Greedy Ascent Hill Climber (GAHC)


xlOptimizer implements Greedy Ascent Hill Climber (GAHC), a local optimizer that can be applied to a binary chromosome [1]. This local optimizer can be invoked for a prescribed function evaluations at the end of a standard Genetic Algorithms (GA) analysis, in order to obtain the local optimum corresponding to the best solution found by the GA. However, GAHC is also available as a stand-alone algorithm, in which case a random individual is used as starting point.

How does it work?

The algorithm uses a starting point for the analysis, which is a binary chromosome. This chromosome is constantly mutated until a point that no improvement is observed.

Mathematical formulation

Each bit of the chromosome is flipped to the opposite value (0 to 1 and vice versa) at a position which changes in an endless loop along the chromosome length. The objective value of the mutant is compared to the one of the currently best chromosome. If the mutant is better, it becomes the currently best chromosome. The process is ended when a full loop along the chromosome length has been achieved without improvement. At this point, the currently best chromosome is the local optimum [1].

Options in xlOptimizer

The following options are available in xlOptimizer:

Step 1

hill climber xloptimizer options step 1

Enter a short title for the scenario.
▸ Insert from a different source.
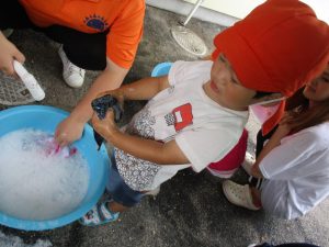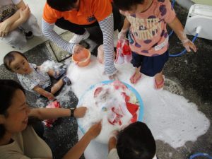?ぐみさんと?ぐみさんは、園庭で泡遊びをしました(≧▽≦)

The log files will be saved to a subfolder with this name.

Step 2

hill climber xloptimizer options step 2

Select other algorithm settings. The options are the following:

  • Gray code: Choose whether the chromosome is encoded using Gray code or not.
  • Maximum hill climbing evaluations: Choose the maximum number of function evaluations. The local optimum may be found in less steps.

Step 3

hill climber xloptimizer options step 3

Select the termination criteria. At least one termination criterion must be active. Usually one selects a maximum number of function evaluations and/or a time limit.

Step 4

hill climber xloptimizer options step 4

Select the action when the analysis is finished:

  • Nothing: The last individual analysed remains.
  • Restore previous solution: The solution that was visible before the analysis is restored.
  • Use best: The best solution that was discovered during the analysis is applied.
  • Use best if better than the previous version (recommended): The best solution that was discovered during the analysis is applied only if it is better than the previous solution. In the opposite case the previous solution is restored.

Step 5

hill climber xloptimizer options step 5

Select whether you want to use random or specific seeds for the random number generator. The seeds must be large negative numbers e.g. -100000. Usually a number of analyses with random seeds is performed. The filename of the log is the seed used in the specific analysis.

Step 6

hill climber xloptimizer options step 6

Select the output path. A subfolder with the name of the scenario will be used. Usually a relative path is used i.e. the absolute path check box is not checked. This results in the output logs being saved in the same path as the project file. 


[1] Eiben, A.E., Smith, J.E., 2003. Introduction to Evolutionary Computing. Springer, New York.